Meeks’s Musings: It’s Cozy in This Bunker

Meeks’s Musings It’s Cozy in This Bunker Trump and DOGE.jpg

I’m guilty. I’m one of those talking heads on business TV -- I appear weekly on CNBC, Yahoo!, and Bloomberg (I’m not conservative enough for Fox) -- who can at least inadvertently create investor anxiety by talking too much and by promoting too much portfolio trading. I’ve been on the air regularly since the mid-1990s. Believe me, sometimes the show’s producers whisper in my ear just before a segment to “bring the energy” and to “give actionable (trading) ideas.” Well, I should ignore that more often and you shouldn’t always listen to me if I don’t.

We all have nervous energy under stress. Whether you support him or not -- like for anyone or anything, there are always pros and cons -- Trump 2.0 has brought at least short-term chaos which has hit investors since his inauguration. The S&P 500 is -7% (excluding dividends) so far in 2025 (through March 28) after rising +24% in 2023 and +23% in 2024. For many businesspeople and investors, on-again, off-again tariffs, and uncertainty over how draconian they may be, have muddied the waters.

Let’s objectively look at both sides of this argument. The president’s trade war supporters feel that the confusion and any damage caused by tariffs may bring necessary short-term pain for long-term gain. However, the administration’s detractors see tariffs as potentially inflationary to which the Federal Reserve Bank (the Fed), which is responsible for US monetary policy, may ultimately have to respond to by raising interest rates.

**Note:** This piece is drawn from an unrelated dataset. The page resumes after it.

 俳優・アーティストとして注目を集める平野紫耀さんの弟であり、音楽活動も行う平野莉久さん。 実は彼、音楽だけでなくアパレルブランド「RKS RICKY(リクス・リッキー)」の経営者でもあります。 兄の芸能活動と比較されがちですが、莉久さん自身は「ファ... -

What we know for sure is that the Fed has already changed its initial plans to lower its benchmark fed funds rate aggressively throughout 2025. After years of pushing rates higher to fight inflation, the Fed finally lowered them last September for the first time since COVID. Now the Fed is standing pat. Although the fed funds rate had dropped from 5.33% in August 2024 to 4.33% by the time President Trump had regained power, it has been stuck there since then. (The Fed meets every six weeks to discuss monetary policy and to possibly change this rate.)

If Trump 2.0 rekindles inflation the Fed may have to reverse course and raise rates which would be bad. However, if the near-term economic crunch looks to lead to a prolonged downturn that may result in private employee bloodletting even beyond Elon Musk’s DOGE (Department of Government Efficiency) mass federal government firings then the Fed will likely return to cutting rates.

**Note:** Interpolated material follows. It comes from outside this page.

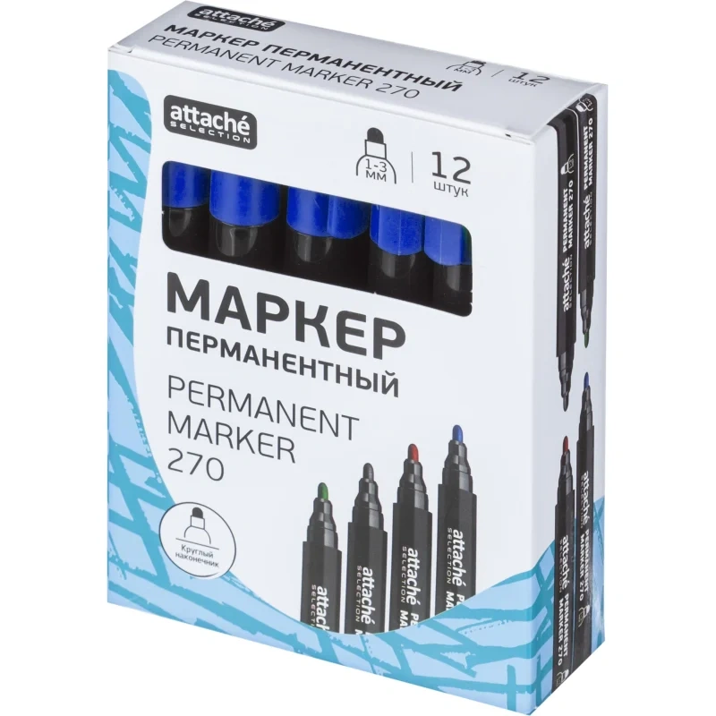 Маркер перманентный Attache 270 синий, 1-3мм, круглый наконечник

How this all plays out is critical for investors and maybe even for some of our jobs. Because the confounded jury is still out on this, uncertainty will reign perhaps for some time. And the market hates uncertainty even more than it hates a certain bad outcome.

So, what’s one to do? Join me in the investment bunker. When stocks, including those of some of your favorite companies, are plunging, the temptation can be to double down. At some point, that may be a smart thing to do, but I think that the best bet during this chaos is to hide and just lock in the 4.30% annual return that you can earn in bulletproof three-month US Treasury bills. Then take another look at your portfolio and think about how you can rearrange your chess pieces to maximize your return when the market recovers because it ultimately will.

I’ll leave you with some homework. As you may know, the US Treasury Secretary is Charleston’s own Scott Bessent. He recently (March 18) gave an interview for the “All-In” podcast. It’s over an hour but it’s worth it to understand him and the economic policies of President Trump and how the administration plans to execute them. It’s on YouTube and can be found wherever you get your podcasts. through any app store. I’m a Citadel professor so, yes, there will be a quiz.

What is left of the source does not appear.